■ Task goal:
From the first line of the listing below, retype each line up to and including the one with "Do zestawu dołączone"; pictures stay out.

■ Supplied information:
▬▬▬▬▬▬▬▬▬▬

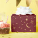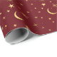 En himmelsk design med måne och stjärnor mot en julig mörkröd bakgrund, ett idealiskt presentpapper för julhögtiden.
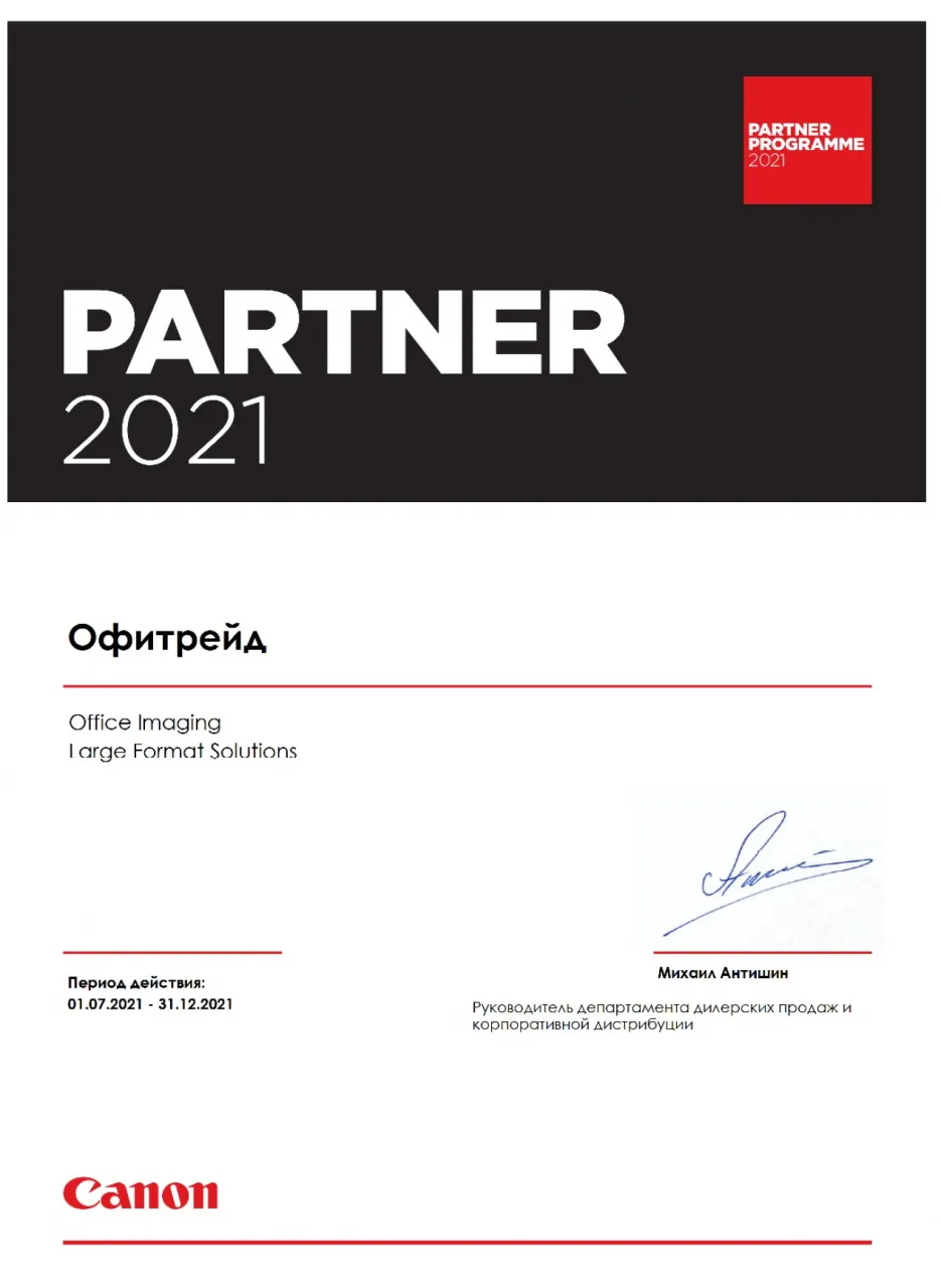 Компания OfiTrade продолжает партнёрство с Canon. Многолетняя история сотрудничества компаний, это дополнительный маркер нашего профессионализма и компетенции, в любых вопросах, связанных с офисной оргтехникой, расходными материалами и широкоформатными принтерами Canon.
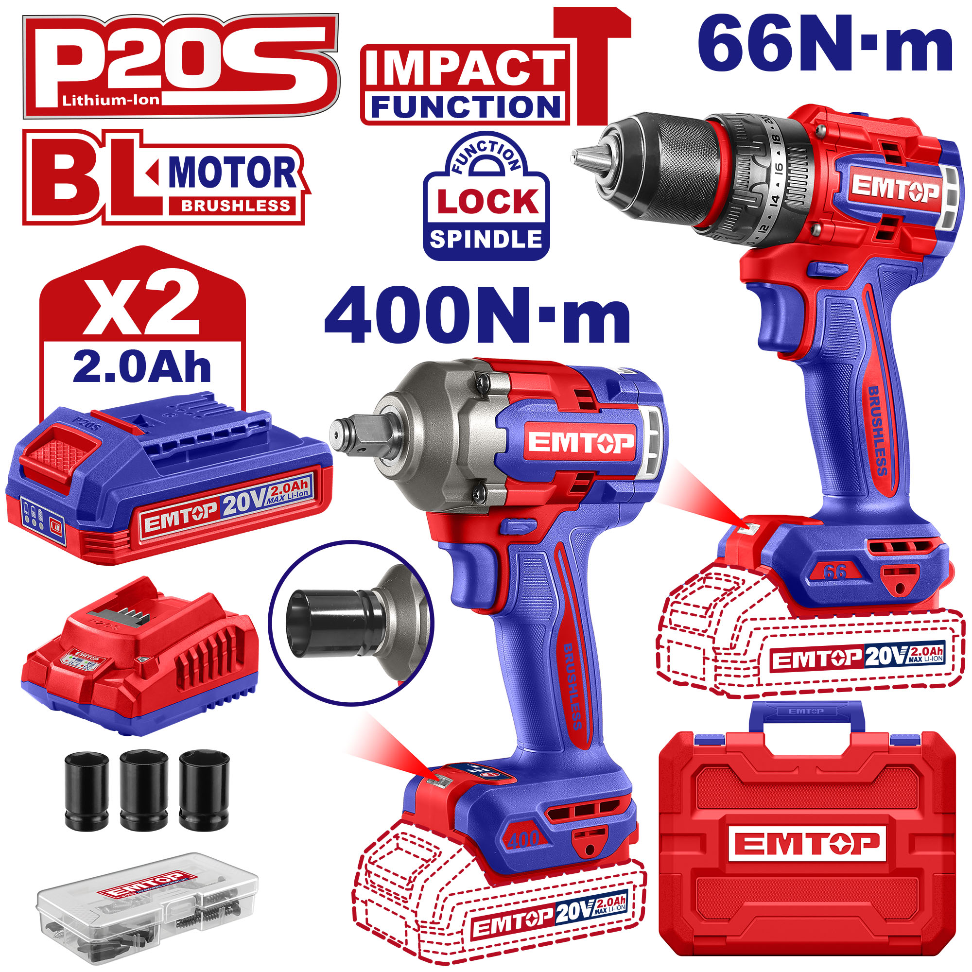 Do zestawu dołączone są dwa akumulatory 20 V o pojemności 2,0 Ah (EBPK2001), ładowarka 20 V (EFCR20200E), a także 47 akcesoriów, wśród których znajdują się m.in. nasadki (17, 19, 21 mm), i wszystko to zapakowane jest w solidną walizkę transportową.
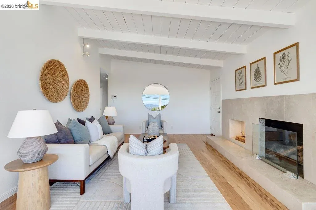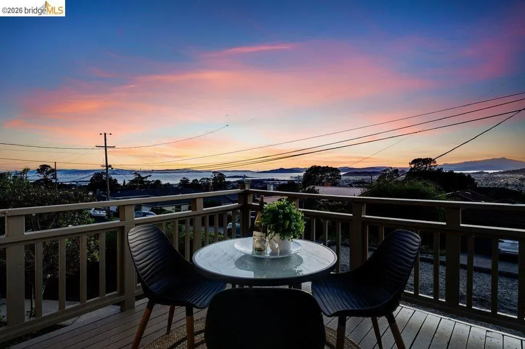 A beautifully refreshed single-level home offering 1,444 square feet of living space on a generous 5,750 square foot lot. This home backs up directly to the 13th green of the Berkeley County Club. A private entry porch with skylights leads into a sun-filled living, dining, and kitchen areas featuring stunning tongue-and-grove vaulted ceilings and sweeping panoramic views from the Bay Bridge to the North Bay. Enjoy unforgettable sunsets from the dining room deck, or relax in the thoughtfully designed outdoor spaces, including a side patio, garden pathway, rear deck, concrete patio, and upper “champagne deck” perfectly positioned for taking advantage of the sweeping views. The home features 3 bedrooms and 2 baths, including a rear primary suite with backyard access and a spacious hall bath with a jetted tub and separate shower. The home has been freshly painted inside and out, with refinished hardwood floors, and a large detached two-car garage. Ideally located near Berkeley County Club, scenic trailheads, Wildcat Canyon, shopping, BART, and major freeways. Zoned for Madera Elementary.

▬▬▬▬▬▬▬▬▬▬

■ Task answer:
 En himmelsk design med måne och stjärnor mot en julig mörkröd bakgrund, ett idealiskt presentpapper för julhögtiden.
 Компания OfiTrade продолжает партнёрство с Canon. Многолетняя история сотрудничества компаний, это дополнительный маркер нашего профессионализма и компетенции, в любых вопросах, связанных с офисной оргтехникой, расходными материалами и широкоформатными принтерами Canon.
 Do zestawu dołączone są dwa akumulatory 20 V o pojemności 2,0 Ah (EBPK2001), ładowarka 20 V (EFCR20200E), a także 47 akcesoriów, wśród których znajdują się m.in. nasadki (17, 19, 21 mm), i wszystko to zapakowane jest w solidną walizkę transportową.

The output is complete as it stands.